I often see how people points out that a certain number is a palindrome in some base, the implication being that it is somewhat a special number. Of course such considerations are rather subjective, but that made me wondering; is it the property of being a palindrome so rare? To be precise:

What is the probability that a given natural number $n$ is a palindrome in at least one base $b\in\{2,3,\ldots,10\}$? What about if we let $b\in\{2,3,\ldots,n-2\}$?

For those who might be bothered for the use of "probability that a given natural number": You can understand that I am asking about the natural density of palindromes, with the above precisions. I just stated the question as it is because I might content myself with some simulation or insight on the subject (the reason being that I haven't found much about this on the web and couldn't come up with an answer myself, so just in case it is harder than expected...), and because of future readers who might also be intrigued about this and don't know about natural density.

Answer 1

Well, if you look at some base $b$ and numbers that can be written in $n$ digits in that base, the number of such numbers is $b^n-b^{n-1}=(b-1)\,b^{n-1}$. Out of these, the number of palindromes is $$ (b-1)\,b^{\frac n2-1}\text{ if $n$ is even, and}\quad (b-1)\,b^{\frac{n+1}2-1}\text{ if $n$ is odd}. $$ (I am assuming you are interested in number that do not start with a "$0$").

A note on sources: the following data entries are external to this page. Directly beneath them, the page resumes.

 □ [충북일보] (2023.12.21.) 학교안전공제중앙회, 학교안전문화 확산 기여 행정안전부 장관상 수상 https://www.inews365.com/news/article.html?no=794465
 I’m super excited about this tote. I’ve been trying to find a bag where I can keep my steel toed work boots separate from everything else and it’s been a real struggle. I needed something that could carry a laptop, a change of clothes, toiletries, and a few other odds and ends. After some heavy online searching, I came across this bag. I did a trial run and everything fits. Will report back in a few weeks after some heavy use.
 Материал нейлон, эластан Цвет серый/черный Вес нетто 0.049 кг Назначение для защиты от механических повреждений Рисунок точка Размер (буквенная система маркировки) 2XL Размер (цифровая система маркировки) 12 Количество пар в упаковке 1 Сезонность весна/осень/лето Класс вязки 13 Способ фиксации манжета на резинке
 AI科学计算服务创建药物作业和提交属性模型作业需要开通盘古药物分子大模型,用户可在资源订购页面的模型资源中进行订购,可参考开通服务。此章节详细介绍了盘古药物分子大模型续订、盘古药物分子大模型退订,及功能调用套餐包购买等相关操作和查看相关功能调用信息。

This suggests densities relative to base $b$ of $$ \frac{(b-1)\,b^{\frac n2-1}}{(b-1)\,b^{n-1}}=\frac{1}{b^{\frac n2}} \text{ if $n$ is even, and}\quad \frac{(b-1)\,b^{\frac{n+1}2-1}}{(b-1)\,b^{n-1}}=\frac{1}{b^{\frac{n-1}2}} \text{ if $n$ is odd} $$ or: $$ \frac1{b^{\lfloor\frac n2\rfloor}}. $$

Of interest is the fact that these densities $\to0$.

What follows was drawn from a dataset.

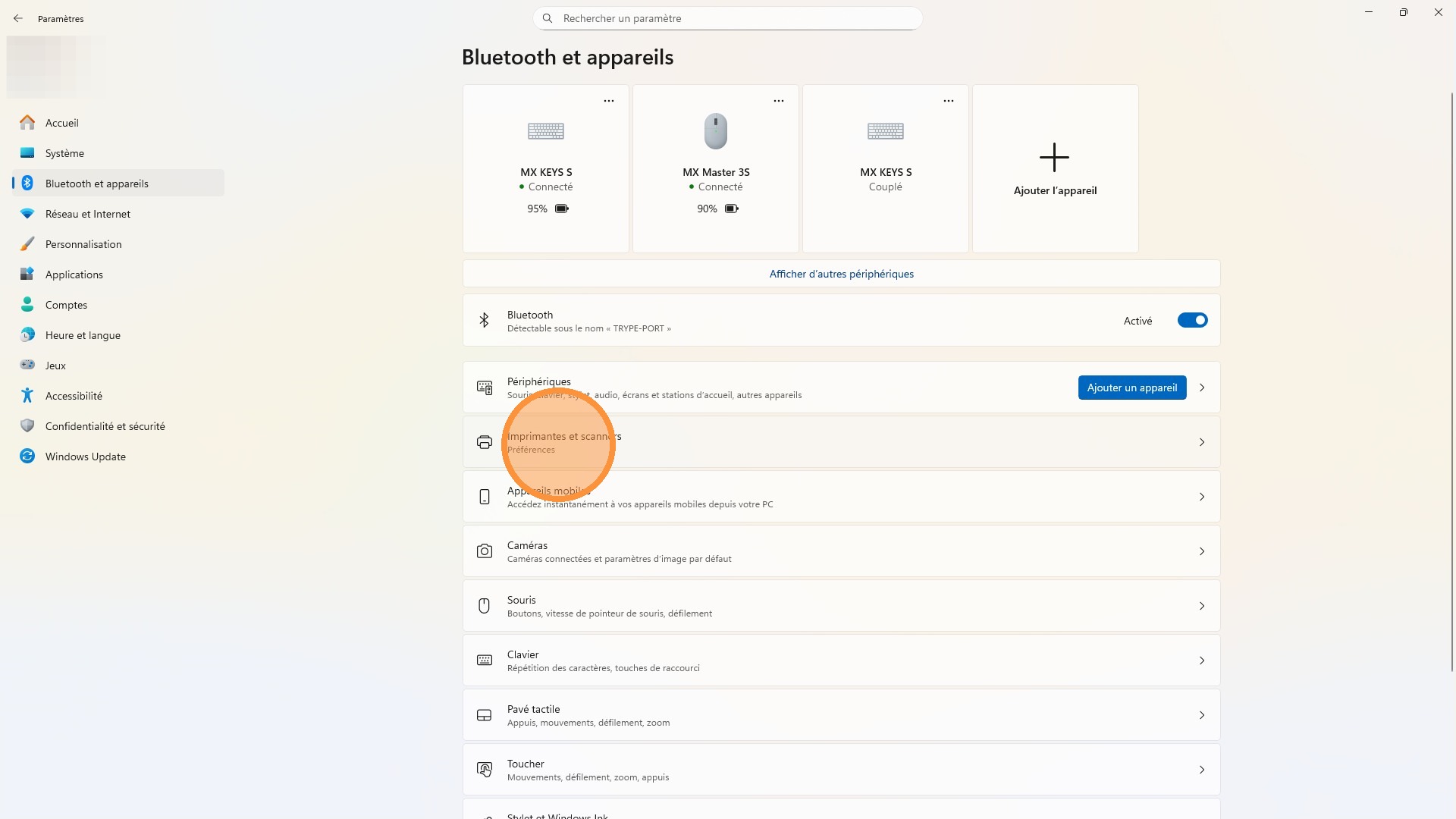 9\. Cliquer sur [[Imprimantes et scanners]]

Of course if you want to add up densities for several bases, you then have to worry about palindromes in several bases simultaneously, but the above expressions give you a good starting point / order of magnitude.

Answer 2

The density of numbers that aren't palindrome for some $b\in\{2,3,\cdots,n-2\}$ is smaller then the density of prime numbers which is $0$.That's because every such number must be a prime.

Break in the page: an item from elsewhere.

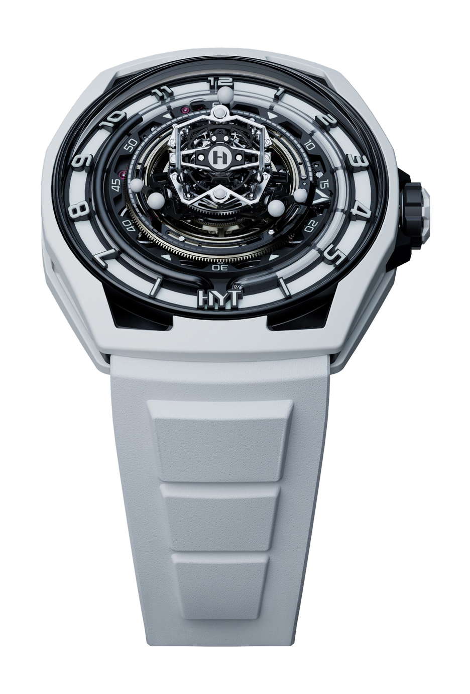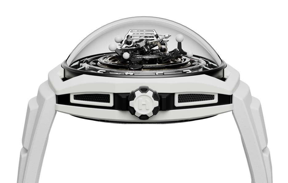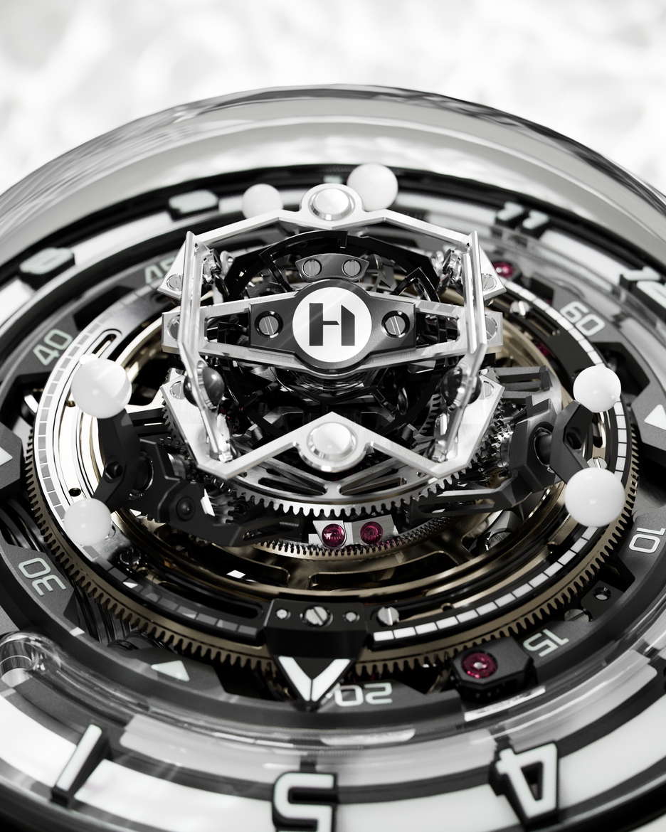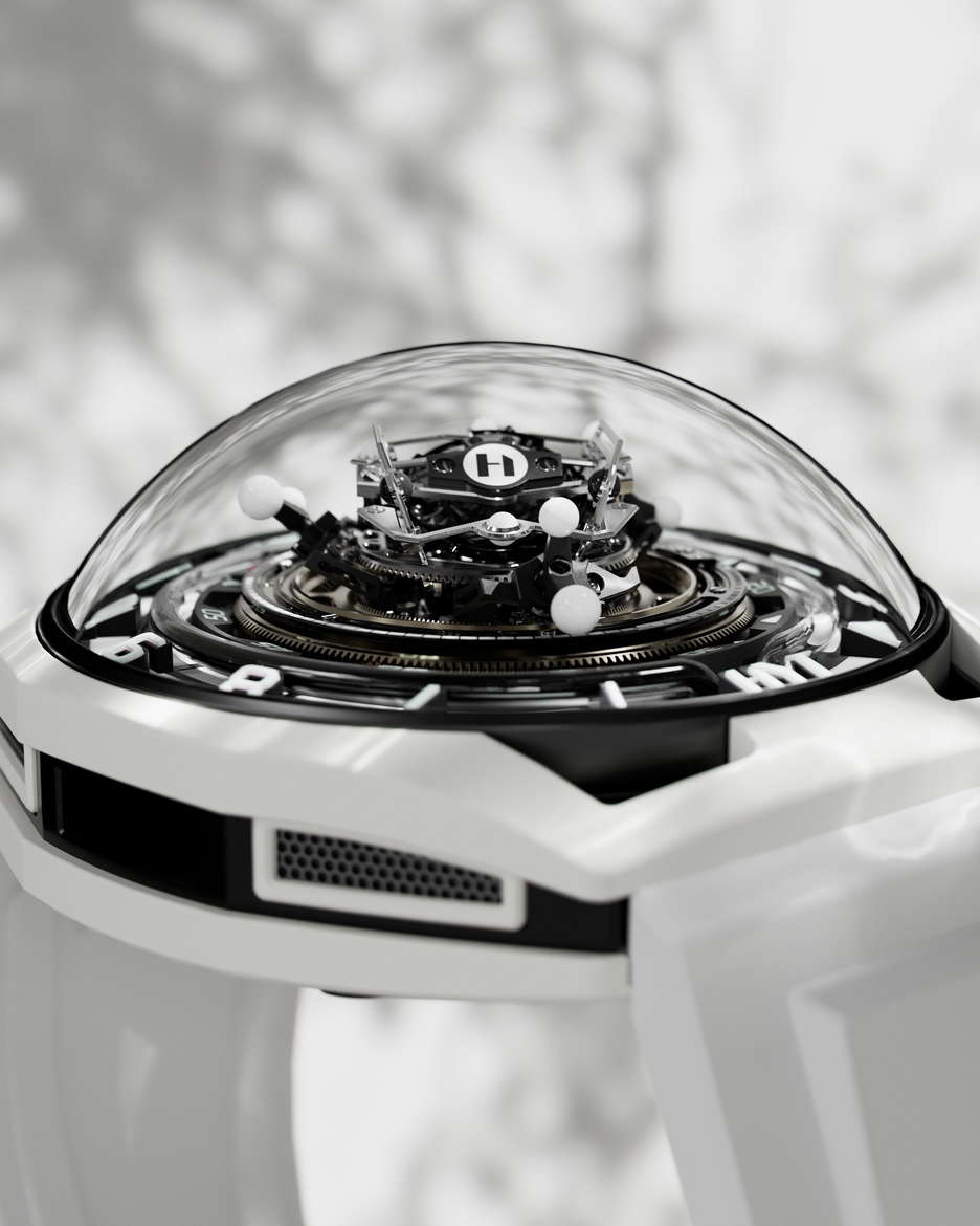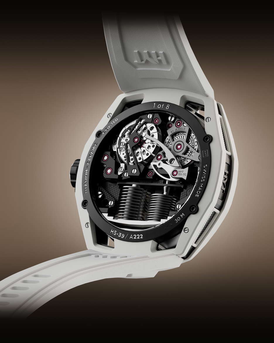 The HYT Conical Tourbillon Panda combines mechanical precision with the elegance of white agate. HYT, known for its fluidic watchmaking technology, shows its expertise through this timepiece, which features a fluidic hour display and a conical tourbillon with handcrafted spheres of natural white agate. The watch is powered by the 701 TC caliber, with its balance wheel inclined at 30 degrees, the escapement wheel at 15 degrees, and the anchor at 23 degrees. The tourbillon completes a full revolution in 30 seconds, highlighting its intricate mechanics. The dial’s detailed design, including a white agate chapter ring and the interplay of black and white, emphasizes craftsmanship. The rotating spheres of different sizes add a mesmerizing visual element. The movement alone has 553 components, with the tourbillon cage featuring 159 components The entire assembly totals 750 pieces. The watch has a 48mm titanium case coated in white ceramic and a dome-shaped crystal with anti-reflective treatment. Inspired by German watchmaker Walter Prendel, the HYT Conical Tourbillon Panda focuses on balance and precision, with rotating spheres reflecting the rhythmic motion of the tourbillon. Limited to only 8 pieces.

For the first by the formula A.G. provided if you sum the probabilities for $2,3,4,5,6,7,8,9,10$ you'll still get $0$ and that's if you overcount the palindromes that are also in other bases.

Answer 3

[I am just connecting the dots from the two answers I got to my two questions. Merits for the answer to the first question to @A.G., and for the second one to @kingW3.]

Case $b\in\{2,\ldots,10\}$: The answer is that the natural density is $0$; that is, imprecisely, that the probability of randomly picking a natural number which is a palindrome in at least one base $b\in\{2,\ldots,10\}$ is $0$.

Let's fix $b$. For $N\in\mathbb{N}$ let $j=j(N)\in\mathbb{N}$ be given by $b^j\leq N<b^{j+1}$. We have that \begin{align} \frac{\#\{\text{palindromes}_b\leq N\}}{N}\leq&\,\frac{\#\{\text{palindromes}_b\leq b^{j+1}\}}{b^j}\\ \leq&\,\frac{j\cdot\#\{\text{palindromes}_{b}\text{ with $j$ digits\}}}{b^j}\\ \leq&\,\frac{jb^{j/2}}{b^j},\\ \end{align} where the last inequality follows from A.G.'s answer, and the previous one from the fact that there are more palindromes in base $b$ in $\{b^{j},b^j+1,\ldots,b^{j+1}-1\}$ than in $\{b^k,b^k,\ldots,b^{k+1}-1\}$ if $k<j$. Letting $N\to\infty$ in the estimates above yields that the natural density of the palindromes in base $b$ is $0$, which implies the claim since the number of palindromes in base $\in\{2,\ldots,10\}$ is smaller than the sum of the palindromes in base $b$ over $b=2,\ldots,10$.

Case $b\in\{2,\ldots,n-2\}$: From kingW3's comments, the numbers $n$ which are non-palindromic in any base $b\in\{2,\ldots,n+2\}$ are called strictly non-palindromic. These numbers are all primes except for $0,1,4$ and $6$, which, since the natural density of the prime numbers is $0$, tells us that the natural density of the numbers $n$ which are palindromes in at least one base $b\in\{2,\ldots,n-2\}$ is $1$.